Iniciamos mais um ano. Assim o obriga o calendário gregoriano que tem esta coisa mágica de fazer parecer que apenas num dia a seguir ao outro, que por acaso foi o último do ano anterior, torna logo tudo tão diferente, tudo tão cheio de esperança, tudo num tomara que desta vez é que seja. Para muitos é isso, uma renovação de esperanças; para outros, tempo de reflexão e balanços e para outros, os mais pragmáticos, tempo de ficar na cama a curar a senhora bebedeira da véspera. Não escapo ao conjunto daqueles que balanceiam espaços temporais, mas já não me revejo no grupo dos esperançosos. Quanto à curtição, se as palavras escritas não me atraiçoarem, parece que não houve nada de especial apesar de, para espanto meu (oh my God!), ter descoberto em cima da mesa do jantar / reveillon de ontem muitas mais garrafas vazias do que as que esperava.
O ano que findou foi um ano de emoções mistas, um ano de grandes alegrias e de outras tristezas que, infelizmente, não são passíveis de evitar. Ou talvez sim, mas seriam contas de outro rosário que não vou aqui desfiar. Além de outros tive o especial amargo de coração de ver partir o meu sogro, pessoa de quem gostava muito, mas também tive muitas comemorações que, tudo indica, se prolongarão por este ano. Vi o meu filho terminar a sua formação académica, hoje já arquitecto a trabalhar num atelier na Suiça por sua própria opção, vi a minha filha casar-se e vi-a terminar a sua tese de doutoramento, faltando “apenas” a sua defesa em sede de dissertação, o que poderá ocorrer já no início deste ano. No que respeita a coisas da minha própria intimidade está dito o essencial.
Foi também um ano em que se confirmou o que todos já sabiam que iria acontecer mas que era preciso legitimar pelo voto do nosso povo. Os ataques desmedidos aos funcionários públicos, com especial ênfase nos professores, o sistema de ensino que ninguém consegue reformar, o sistema de saúde que ou não funciona ou funciona mal, a justiça que não anda nem desanda com processos a arrastarem-se penosamente nos procuradores e nos tribunais, as situações dúbias relativas a putativos actos de corrupção sem esclarecimento cabal, tudo isso acabou premiado, ao manterem-se os mesmos e as mesmas políticas em frente da governação.
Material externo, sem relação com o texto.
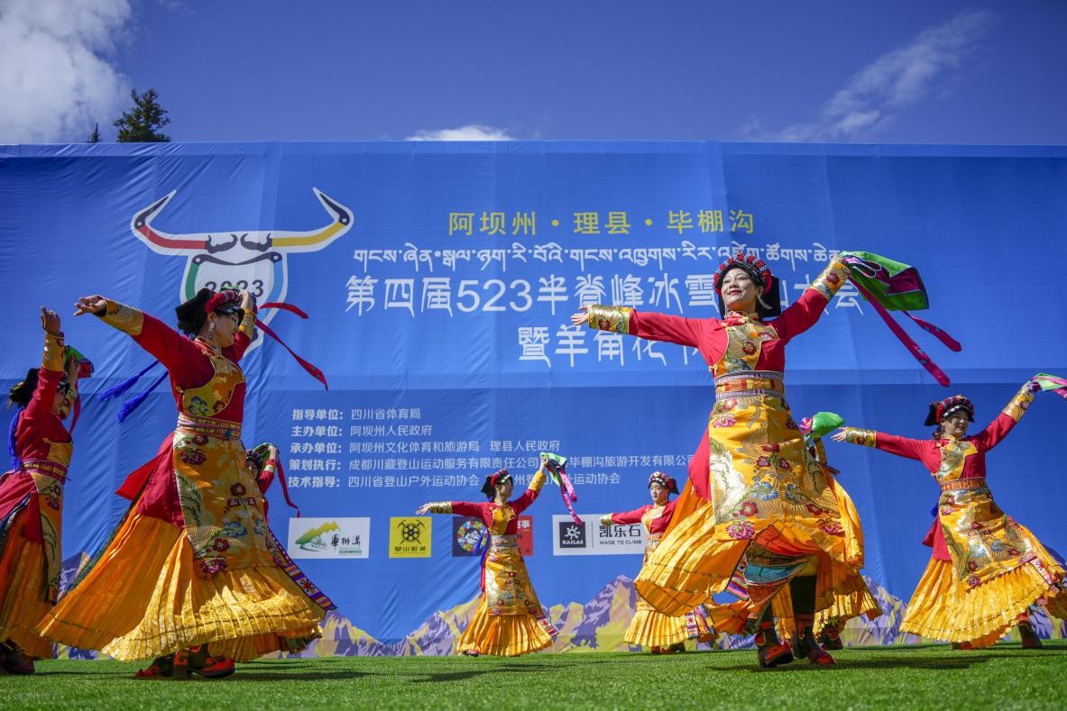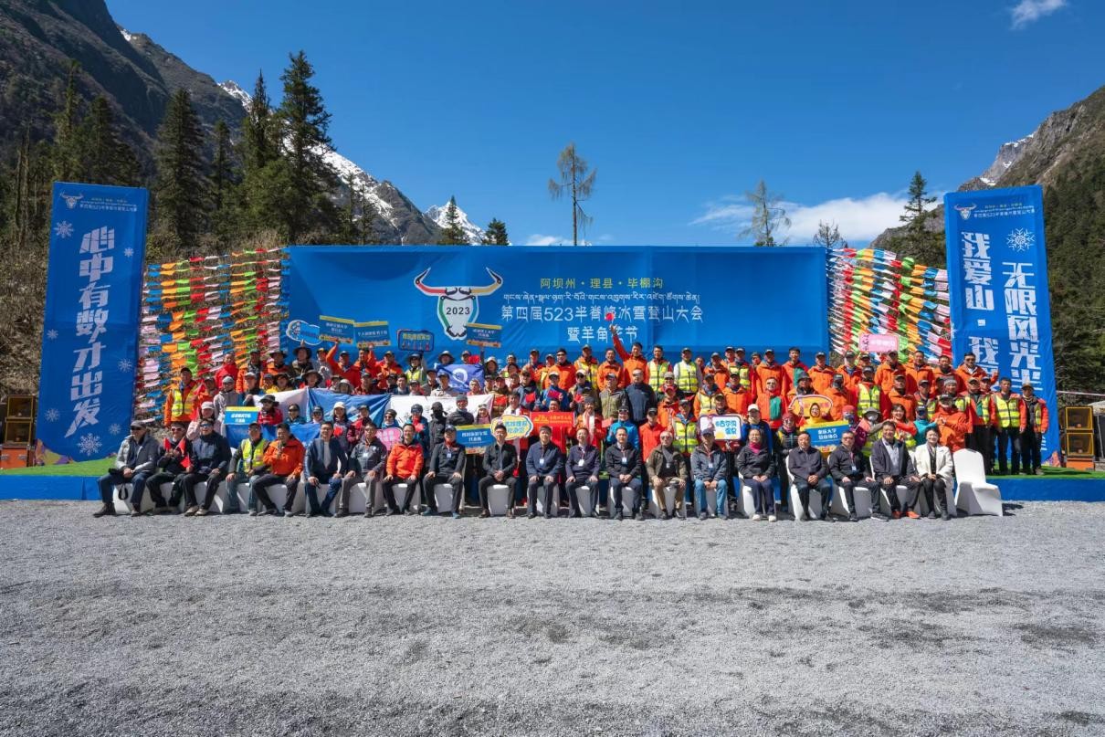 5月20日,第四届523半脊峰冰雪登山大会暨羊角花节开幕式在山花烂漫的阿坝州理县毕棚沟景区举行,来自全国各地的登山爱好者将向半脊峰发起冲锋。

Os milhares de desempregados que em cada dia engrossam fileiras, as empresas que teimam em fechar ou a “deslocalizarem-se”, os subsídios escassos a quem efectivamente precisa e que nos vai mostrando uma fileira de pobres a puxar-nos, hora a hora, cada vez mais para a cauda do pelotão do desenvolvimento obriga-me a que, como disse atrás, me exclua do grupo daqueles que ainda mantêm viva alguma esperança.
Por mim, vou bebendo uns copos e deixando que a água corra por debaixo das pontes. Se for vivo, amanhã, brindarei de novo ao Deus Sol.
Feliz Ano de 2010 é o meu voto para vocês, minhas amigas e meus amigos leitores.